United States Ex Rel. Toth v. Quarles, 350 U.S. 11 (1955)
United States ex rel. Toth v. Quarles
No. 3
Argued February 8-9, 1955
Restored to docket for reargument June 6, 1955
Reargued October 13, 1955
Decided November 7, 1955
350 U.S. 11
CERTIORARI TO THE UNITED STATES COURT OF APPEALS
FOR THE DISTRICT OF COLUMBIA CIRCUIT
Syllabus
Five months after he had been honorably discharged from the United States Air Force and had returned to his home and was privately employed, an ex-serviceman was arrested by military authorities on charges of murder and conspiracy to commit murder while he was an airman in Korea. When arrested, he had no relationship of any kind with the military. Under authority of Art. 3(a) of the Uniform Code of Military Justice, he was taken to Korea to stand trial before a court-martial.
Held: He could not constitutionally be subjected to trial by court-martial. Pp. 13-23.
1. The Act cannot be sustained as an appropriate exercise of the constitutional power of Congress "To raise and support Armies," "To declare War," or to punish "Offences against the Law of Nations." Pp. 13-14.
2. This assertion of military authority over civilians cannot rest on the President’s power as Commander-in-Chief, nor on any theory of martial law. P. 14.
3. The Fifth Amendment does not grant court-martial power to Congress; it merely makes clear that there need be no indictment for such military offenses as Congress can authorize military tribunals to try under its Article I power to make rules to govern the armed forces. P. 14, n. 5.
4. The Act is not a valid exercise of the power granted Congress in Article I of the Constitution "To make Rules for the Government and Regulation of the land and naval Forces," as supplemented by the Necessary and Proper Clause. Pp. 14-23.
(a) The power granted Congress "To make Rules" to regulate "the land and naval Forces" is to be construed as restricting court-martial jurisdiction to persons who have a relationship with the armed forces. P. 15.
(b) This construction is required by the fact that any such expansion of court-martial jurisdiction as the Act provides necessarily encroaches on the jurisdiction of federal courts set up under Article III of the Constitution, where persons on trial are surrounded with more constitutional safeguards than in military tribunals. Pp. 15-20.
(c) It is within the constitutional power of Congress to provide for federal district court trials of discharged soldiers accused of offenses committed while in the armed services. Pp. 20-21.
(d) The constitutional grant of power to Congress to regulate the armed forces does not empower Congress to deprive civilians of trials under Bill of Rights safeguards, and power to circumvent those safeguards is not to be inferred from the Necessary and Proper Clause. Pp. 21-22.

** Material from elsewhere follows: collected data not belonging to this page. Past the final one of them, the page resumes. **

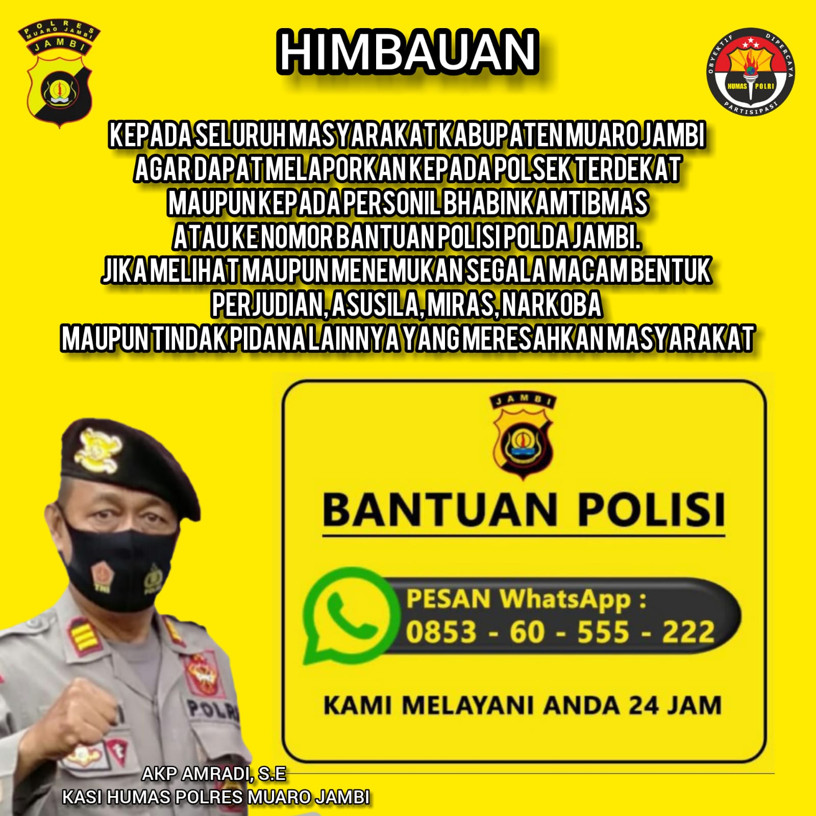 Guna menindaklanjuti Intruksi dan Arahan Kapolri Jenderal Polisi Drs. Listyo Sigit Prabowo, M.Si, Kepolisian Resor Muaro Jambi, langsung merespon intruksi Kapolri tersebut, untuk memberantas berbagai jenis perjudian maupun tindak pidana lainnya yang ada di wilayah hukum Polres Muaro Jambi.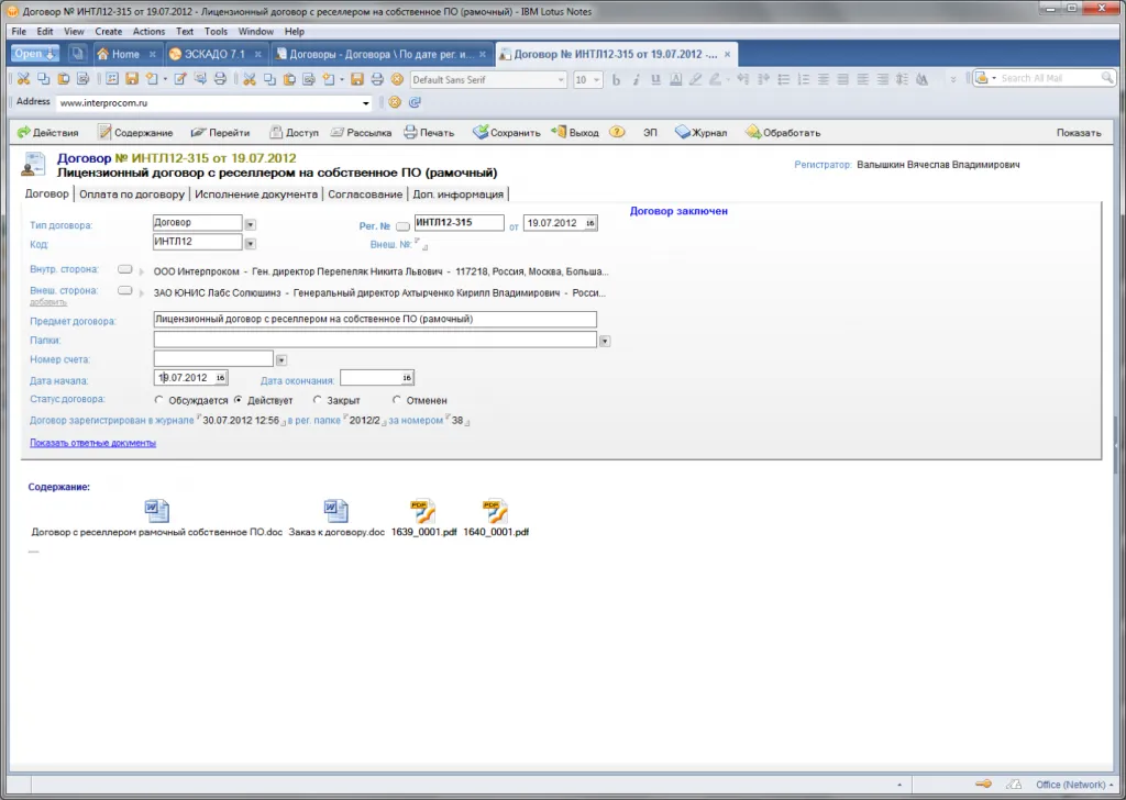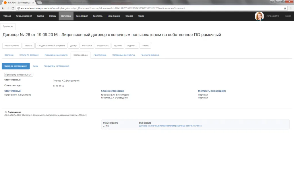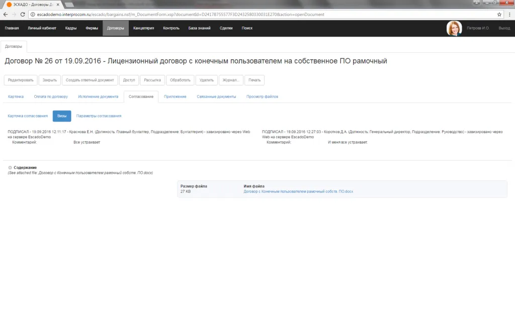 Договор. Согласование. Результаты согласования.
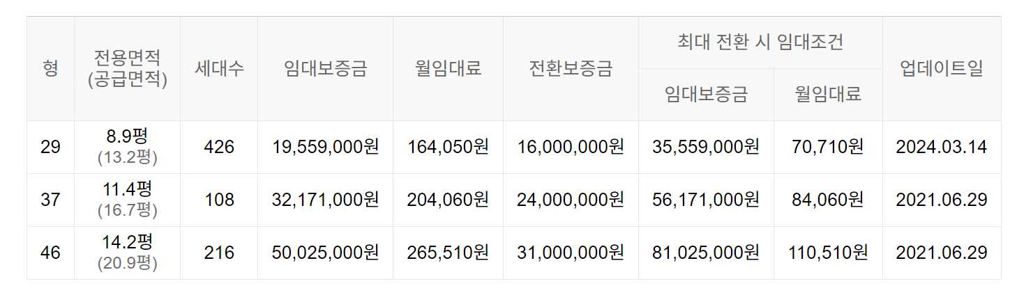 임대보증금 및 월 임대료는 입주자 모집공고일 기준이며, 보증금 최대 전환 시 변동될 수 있습니다.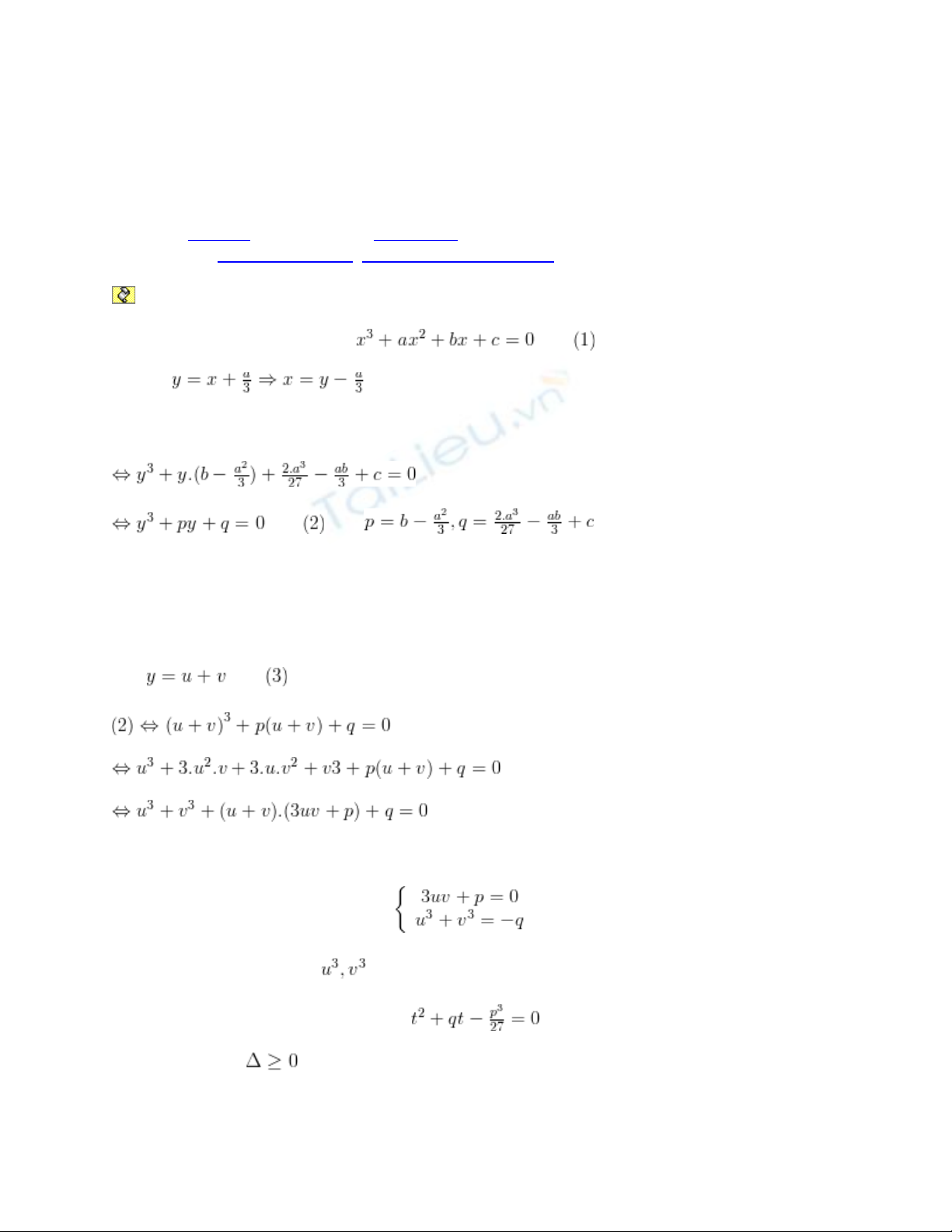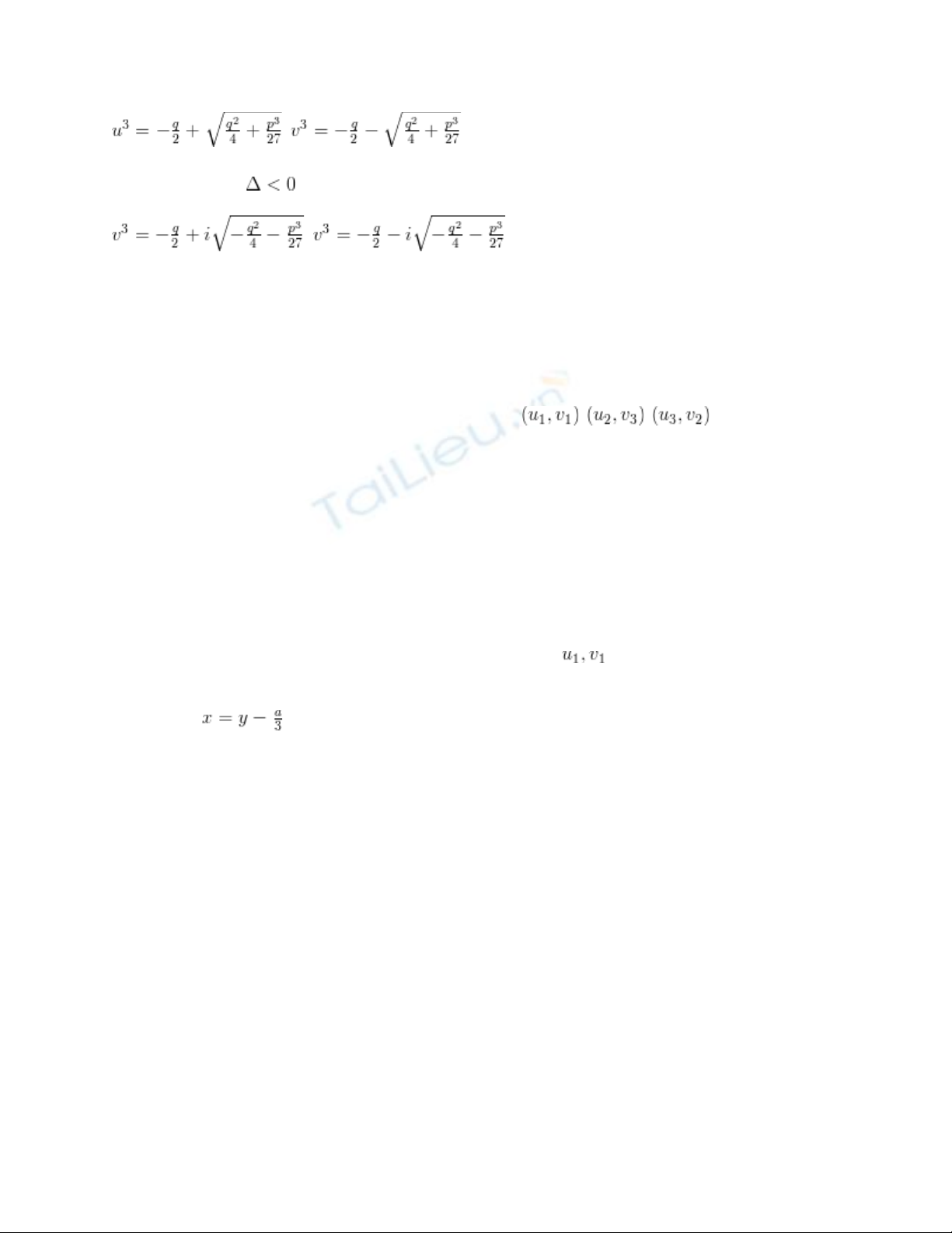, Trng hp 2:ườợ .Ta có:, (5)Ta xét trng hp 1 (trng hp 2 xét tng t) Khi đó có 3 giá tr u và 3 giá tr v tha mãnườợườợươựịịỏphng trình (5):ươ, (6) Ta chn u,v tha mãn phng trình (4). Ln lt th các cp giá tr (u, v) vào phng trìnhọỏươầượếặịươ(4), ta nhn thy ch có 3 cp giá tr tha mãn. Đó là: ậấỉặịỏ, , Th 3 cp (u, v) trên vào biu thc (3) ta có 3 giá tr y tng ng và đó là nghim caếặởểứịươứệủphng trình (2).ươHay:(*)Vy phng trình (2) đc gii nh công thc (*) vi ậươượảờứớđc xác đnh t công thcượịừứ(7).Do đó, th ếta có đc công thc nghim tng quát ca phng trình (1). ượứệổủươ Tài liệu liên quan

(e) A different result than that here reached is not required by the fact that some other countries which do not have our Bill of Rights subject civilians who were once soldiers to trials by court-martial, rather than to trials by civilian courts. P. 22.
(f) Considerations of discipline in the armed forces do not warrant expansion of court-martial jurisdiction at the expense of the normal and constitutionally preferable system of trial by jury. Pp. 22-23.
(g) Ex-servicemen, like other civilians, are entitled to have the benefit of safeguards afforded those tried in the regular courts authorized by Article III of the Constitution. P. 23.
94 U.S.App.D.C. 28, 215 F.2d 22, reversed.